Как жить, и жить миролюбиво, спокойно, понимающе-доброжелательно, среди тех, которые вышвырнули за ворота старца по прозвищу Ум, уничтожили гениального Фидия, творения которого были призваны обессмертить в веках само имя афинян, смеялись над Протагором и Продиком? И не ждет ли его самого в скором времени такая же судьба, его, который, слишком уж погруженный в поиски вечных миров, по-видимому, недостаточно разбирается в том, что его окружает:
Музам послушный,
К звездным вздымался я высям,
Многих наук причастен,
Но ужасней Судьбы я
Силы не знаю…
И в то же время он был и всегда оставался афинянином, верным и любящим сыном своего прекрасного города, готового – во всяком случае, так было раньше, на протяжении долгих столетий – протянуть руку помощи страждущим и гонимым, как протянул он ее когда-то несчастным детям Геракла, укрывшимся от преследований аргосского царя Еврисфея в марафонском храме. И те афиняне, которых Еврипид рисует в своей трагедии «Гераклиды», написанной в самый разгар войны и связанных с нею бедствий, благородные и сострадательные, презирающие корысть и стяжательство («…кто корыстью охвачен, нет от такого городу поддержки»), – это его соотечественники, какими хотел бы их видеть поэт, граждане того великого города – светоча свободы и справедливости, идеал которого всегда жил в его душе:
Не в первый раз стоять земле афинской
За правду и несчастных; без числа
Она подъяла бед в борьбе за друга…
Впрочем, пока первым гражданином оставался Перикл, у многих, в том числе и у Еврипида, сохранялась иллюзия того, что они сражаются с грубыми и примитивными дорийцами за правое дело, как в те мифические времена, когда великодушный царь Демофонт (светлый образ которого создавался под несомненным обаянием благороднейшего из вождей афинского демоса) вступился за гонимых Гераклидов, истинных властителей Аргоса, о чем – и это все время подчеркивалось в трагедии – никогда не должны забывать аргосцы. (Надо сказать, о том, как дети Геракла нашли когда-то приют в пределах Аттики, помнили и спартанцы, считавшие себя потомками Гераклидов, во всяком случае, летом 431 года они воздержались от разорения Четырехградья, местности на северо-востоке от Афин, где согласно преданиям остановились некогда их предки Гераклиды.)

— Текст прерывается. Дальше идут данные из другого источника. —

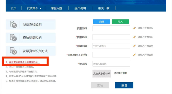 若首次使用此网站查验,请先安装根证书。安装完毕后,需重新进入平台。
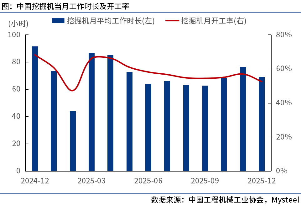 2025年12月工程機(jī)械主要產(chǎn)品月平均工作時(shí)長為76.5小時(shí),同比下降18.6%,環(huán)比下降9.19%。其中:挖掘機(jī)69.3小時(shí);裝載機(jī)80.4小時(shí);汽車起重機(jī)93.8小時(shí);履帶起重機(jī)94.7小時(shí);塔式起重機(jī)43.9小時(shí);壓路機(jī)24.9小時(shí);攤鋪機(jī)35.9小時(shí);旋挖鉆機(jī)72.4小時(shí);非公路礦用自卸車154小時(shí);混凝土泵車39.5小時(shí);混凝土攪拌車53.8小時(shí);叉車110小時(shí)。

Сомнения одолевали Еврипида, приближающегося к своему пятидесятилетию, но какие бы мысли ни терзали его, он не был хозяином собственной жизни и не мог ее изменить, даже если бы он так решил: война, эта страшная братоубийственная распря, разгоралась с новой силой, надо было с оружием в руках отстаивать каждую пядь родной земли, благословенной земли своей древней Аттики, все больше превращавшейся в пустырь, вырубленный, выжженный и вытоптанный вторгавшимися каждую весну спартанцами, которые вызывали у Еврипида, поборника всего нового, человека, причастного к одной из самых высоких культур своего времени, философа и поэта, лишь презрительное негодование:
О ты, народ, для мира ненавистный
И Спартою надменный… Ты коварств
Советчик, царь над ложью, хитрый швец
Из лоскутов порока, о, нечистый,
Увертливый, змееподобный ум!..
Не стоите удачи вы, спартанцы;
Рекою кровь вы льете, до прибытка
Лишь алчные, с речами между губ
Не теми, что в сердцах. О, пусть бы вовсе
Вас не было на свете…
Горечь за разоренную родину, боль при виде осиротевших детей и старух, идущая из глубины веков неприязнь афинянина, наследника культуры Микенского времени, героического прошлого греческой земли, к грубым и косным дорийцам, разрушившим эту культуру и без всяких оснований претендующим теперь на это славное прошлое (так, в его трагедиях постоянно, хотя не всегда прямо и четко, проводится грань между той, додорийской, жизнью Града киклопова и разрушительным вторжением полуварварского племени, потомками которого являются спартанцы). Геракл громит у него в «Гераклидах» Спарту, и как тогда, в далекие мифические времена, так и теперь в спартанцах видится источник и причина всех бед в Элладе, и поэт верит, что мир и процветание станут возможными лишь в случае победы над ними.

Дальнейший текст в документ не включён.